Его улица. Его мастерская; в витрине - темные ткани и несколько модных картинок. Та лавочка - напротив.
Он открыл дверь, затворил за собой, нашел ключ и повернул его в замке.
- Это ты? - крикнула сверху жена.
Как будто по такой погоде и в такой час это мог быть кто-нибудь другой!
- Как следует вытирай ноги...
Вот тогда он подумал, не во сне ли все происходит. Она ему сказала, ему, ему, который только что пережил то, что пережил, в то время как массивный силуэт шляпника появился у дверей магазина на противоположном тротуаре:
- Как следует вытирай ноги.
Вот так же он мог бы рухнуть на месте без сознания. Какие бы слова она произнесла тогда?
О РЕШЕНИЯХ КАШУДАСА И О ЗАБОТЛИВОСТИ ШЛЯПНИКА
Кашудас опустился на колени, спиной к окну, почти уткнувшись носом в толстые ноги и большой живот стоящего перед ним мужчины. Этим мужчиной был комиссар Мику; совершенное накануне новое преступление отнюдь не помешало ему вспомнить о костюме.
Маленький портной измерял окружность талии, бедер, длину брюк, слюнявил карандаш и записывал цифры в грязный блокнот, лежавший на полу рядом. А господин Лаббе все это время стоял за гипюровыми занавесками своего окна, на том же уровне, точно напротив. Их разделяло не более восьми метров.
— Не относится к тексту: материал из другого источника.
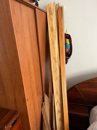 Conjunto de jambas o molduras estrechas, son 3 piezas de madera maciza con un diseño coasic, acanalado.,valido para puerta, marco, enmarcado... - Material: Madera maciza. - Diseño: Acanalado. Medias: largo 227, ancho 7, periles 1 y 0,5cm aprox.
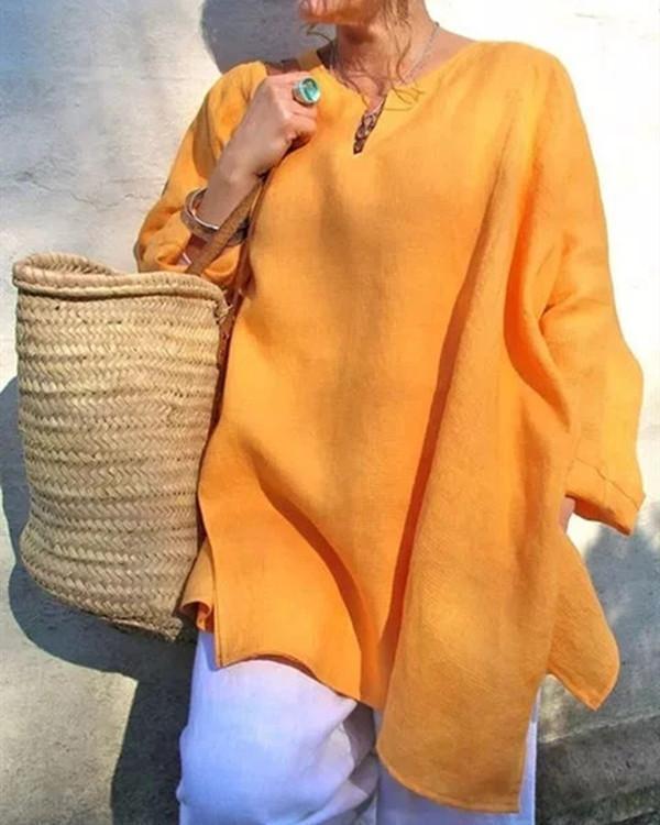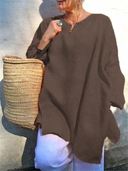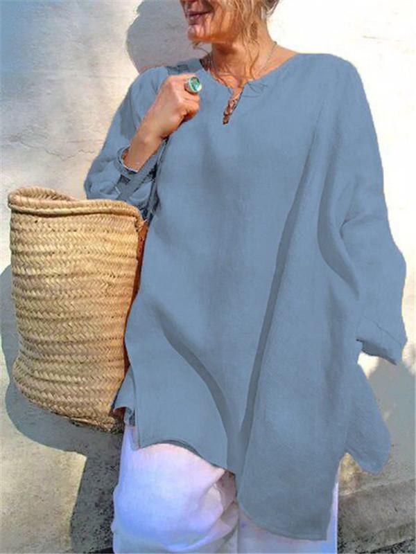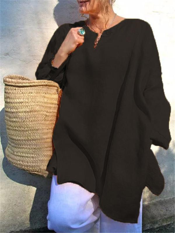 Casual Long Sleeve Linen Plus Size V-Neck Blouses

Кашудас, несмотря ни на что, ощущал холодок в затылке. Шляпник не станет стрелять, он был в этом уверен. Но можно ли в чем-нибудь быть абсолютно уверенным? Он не станет стрелять прежде всего потому, что он не тот человек, который убивает из огнестрельного оружия. А у людей, которые убивают, есть свои причуды, как и у других. Они очень неохотно меняют методы. Потом, если он выстрелит, он неизбежно угодит в руки полиции.
Наконец, и это главное, шляпник доверял Кашудасу. Вот где была суть проблемы. Разве не мог маленький портной, воспользовавшись своей позой, шепнуть этому жирноватому подобию статуи, с которой он снимал мерку:
- Только не шевелитесь. Не подавайте виду. Убийца - шляпник, тот, напротив. Он наблюдает за нами из своего окна...
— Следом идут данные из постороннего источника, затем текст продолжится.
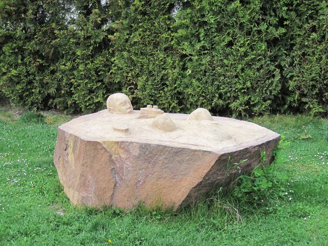 Zaujala nás i pískovcová skulptura místního rodáka Karla Kellnera, kterou, inspirován vzpomínkami na dětství, vytvořil při sochařském sympoziu v roce 2010 a nazval Na Pánovce (chodívali se koupat do rybníka na Pánově louce, který jsme před chviličkou na obrázku viděli) 🙂
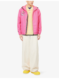 PRODUCT DETAILS - K-Way x Disney waterproof jacket - 100% polyamide - Exposed zip fastening at front - Regular fit, high-neck, fixed adjustable hood, long sleeves, elasticated at cuffs, two zipped pockets at front, brand logo print at front, striped detailing at zip, Disney print at front, cuff and back, waterproof, breathable, water-repellent - Machine wash at 30°C - Model is 6ft 2in/1.88m and wears a size medium - Lightweight, non-stretch Ref: R04557165

Ничего этого он не сделал. Повел себя, как подобает скромному безобидному портняжке. На антресолях неприятно пахло, но Кашудасу это не мешало; он привык к исходящему от тканей запаху, он настолько им пропитался, что запах сопровождал его повсюду. Напротив, у господина Лаббе должно пахнуть фетром и клеем, что еще тошнотворней. У каждого ремесла свой запах.
А как, исходя из этого, должен пахнуть комиссар полиции? Вот о чем размышлял Кашудас в данный момент, и это говорило о том, что он вновь обрел некоторую безмятежность духа.
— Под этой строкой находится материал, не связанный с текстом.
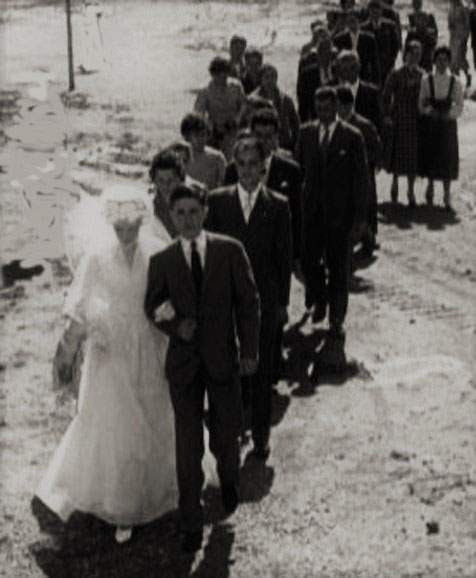 Il prete del paese celebrò la messa in una cappella di campagna vicino al casolare del suocero di Pasquale, tutti si commossero e infine in corteo si diressero verso il banchetto nuziale.
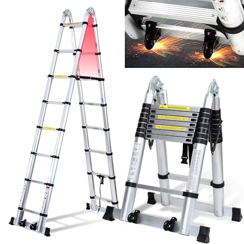 Cecaylie 5 m (2,5 + 2,5) teleskopstege, hopfällbar stege aluminium med avtagbara dubbla remhjul, maximal belastning 150 kg/330 pund, utdragbar stege, halkfri, silver

- Если вы сможете, придите во второй половине дня на примерку, думаю, костюм будет готов к завтрашнему утру...
И он спустился по лестнице вслед за комиссаром, прошел вперед, чтобы открыть ему дверь. Звякнул колокольчик. Они ни словом не обмолвились ни об убийце, ни об убитой накануне старой даме, которую звали мадемуазель Моллар (Ирена Моллар) и которой газета посвятила всю первую страницу.
Тем не менее он провел беспокойную ночь, столь беспокойную, что жене пришлось разбудить его и сказать:
- Постарайся лежать тихо. Ты все время толкаешь меня ногами.
Он так потом и не уснул. Долгие часы он размышлял, и голову его будто сжимало железным обручем. В шесть часов утра он не выдержал и встал с постели. Приготовив на плитке чашку кофе, он пошел к себе на антресоли и включил свет.
Разумеется, он должен был включить свет, поскольку еще не рассвело. Прямо напротив тоже горел свет. Уже многие годы шляпник вставал в половине шестого утра. К сожалению, занавески мешали его разглядеть, но можно было догадаться, что он делает.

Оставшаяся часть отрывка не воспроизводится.